No vamos a historiar las controversias que se han suscitado durante varios siglos hasta hoy. Dos años después de rechazar de plano los relatos de la tradición, Sabatier cambió totalmente de parecer; y fue el primero, entre los contemporáneos, que, planteando científicamente la cuestión sobre códices antiguos, publicó conclusiones definitivas a favor de la autenticidad histórica de la concesión de la Indulgencia por Honorio III a San Francisco. Los numerosos estudios publicados después de Sabatier han aportado poca luz sobre la materia; se limitan, en lo fundamental, a repetir sus argumentos. Solamente Fierens reanudó la labor de Sabatier con verdadera amplitud y espíritu científico, arribando por diversos caminos, con diferente coordinación de los códices manuscritos, a la misma conclusión definitiva: «El núcleo histórico de toda la floración legendaria de la Indulgencia de la Porciúncula se halla en la entrevista de San Francisco con el Papa Honorio III en Perusa, el año 1216».

Los fundamentos históricos de la autenticidad son:

1.º Testimonio notariado de fray Benito de Arezzo y de su compañero fray Rainerio de Mariano de Arezzo, en 1277: afirman haber oído de fray Masseo de Marignano el relato de la concesión de la Indulgencia, siendo el mismo Masseo el que acompañó a San Francisco a Perusa cuando se presentó a Honorio III y consiguió de él esa gracia.

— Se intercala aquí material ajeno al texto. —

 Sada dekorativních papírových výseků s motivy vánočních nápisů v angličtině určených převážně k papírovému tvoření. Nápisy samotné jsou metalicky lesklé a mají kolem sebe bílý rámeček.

2.º Testimonio de Pedro Zalfani de haber asistido él mismo a la consagración de Santa María de la Porciúncula y oído predicar a San Francisco delante de siete obispos, anunciando a todo el pueblo la Indulgencia.

3.º Testimonio de Jacobo Coppoli de haber oído, delante de testigos que nombra, a fray León, compañero del Santo, afirmar firmemente la verdad histórica de la concesión.

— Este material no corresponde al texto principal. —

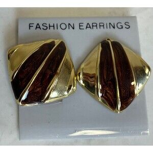 Vintage 80s Earrings Square Gold-tone Brown Faux Tiger Eye Pierced New Career
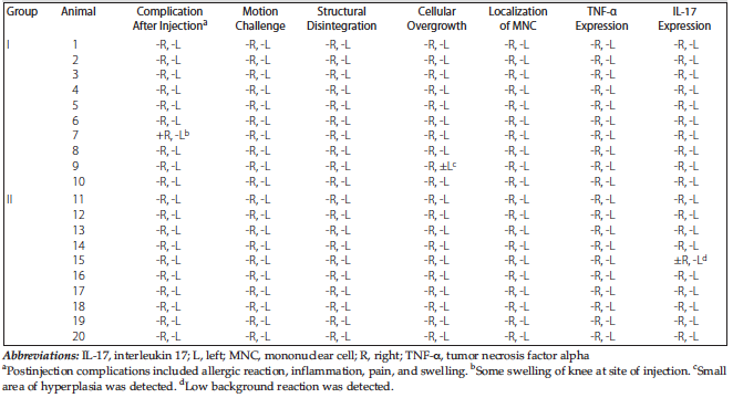Table 1. Histologic Examinations to Evaluate Immunogenicity and Tumorgenicity of Human Amniotic Epithelial Cells in Rabbit Knees

Estos tres testimonios, con otros varios que dicen lo mismo, se funden en el relato del obispo Teobaldo, hacia 1310. Los partidarios de la autenticidad refuerzan su opinión con el testimonio del beato Francisco de Fabriano, quien asegura de sí mismo que fue a Asís en agosto de 1268 a lucrar el Perdón de la Porciúncula. Otro de los testimonios autenticados es el del beato Juan de Alverna, personaje celebérrimo de las Florecillas: su relato confirma el de fray Benito y fray Rainerio de Arezzo, aportando más testigos.

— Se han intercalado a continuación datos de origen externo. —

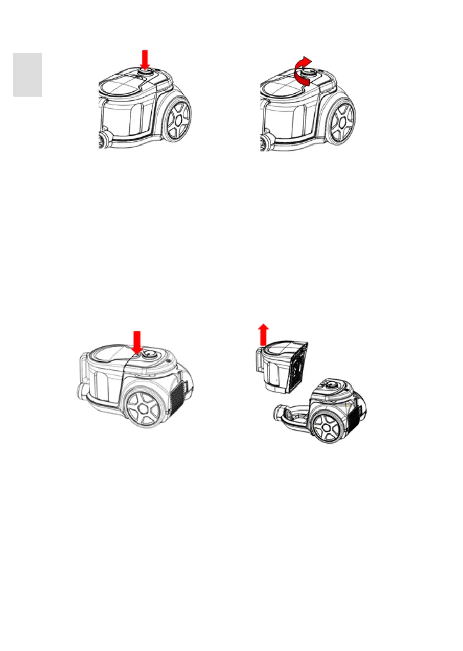 Abb. 6 Halten Sie den Handgriff des Staubbehälters halten und drücken Sie die Taste zum

No podemos discutir aquí uno por uno todos los testimonios, su grado de veracidad y la coordinación de todas las narraciones en el relato tradicional de Teobaldo. La plena solución depende, en mi concepto, de que sean auténticos los documentos. Fierens rechaza los testimonios de Zalfani y de Coppoli, porque hablan de un suceso que juzga improbable, la consagración de la iglesia de la Porciúncula; le parece también sospechosa la atestación de fray Benito, porque depone con demasiada pompa y solemnidad y alude a los "secretos de la Orden", secreta Ordinis, que, dice, nunca existieron. Y se atiene al testimonio de fray Marino, sobrino de fray Masseo, y de Juan de Alverna, como las únicas exentas de sospecha. Lemmens, en cambio, sin mencionar siquiera a fray Marino y a fray Juan de Alverna, insiste en la veracidad de los testigos rechazados por Fierens. Yo creo que esto es desplazar la cuestión del verdadero terreno científico. En mi concepto, antes que la veracidad de los testigos y testimonios debe discutirse la autenticidad de los documentos. ¿El testimonio de fray Benito y fray Rainerio se extendió verdaderamente ante notario el año 1277? ¿Este y los otros documentos fueron o no fabricados en las postrimerías del siglo XIII, para acallar las negaciones de los enemigos del Perdón? Ahí está para mí la más fuerte duda. Si los documentos son auténticos, no veo ninguna razón seria que permita dudar de la veracidad de su testimonio; se coordinan y completan mutuamente, y el relato tradicional del obispo Teobaldo adquiere firme consistencia histórica.

Lo mismo debemos decir del testimonio de Francisco de Fabriano, que conocemos a través de Waddingo. ¿El analista transcribió fielmente la forma original del documento?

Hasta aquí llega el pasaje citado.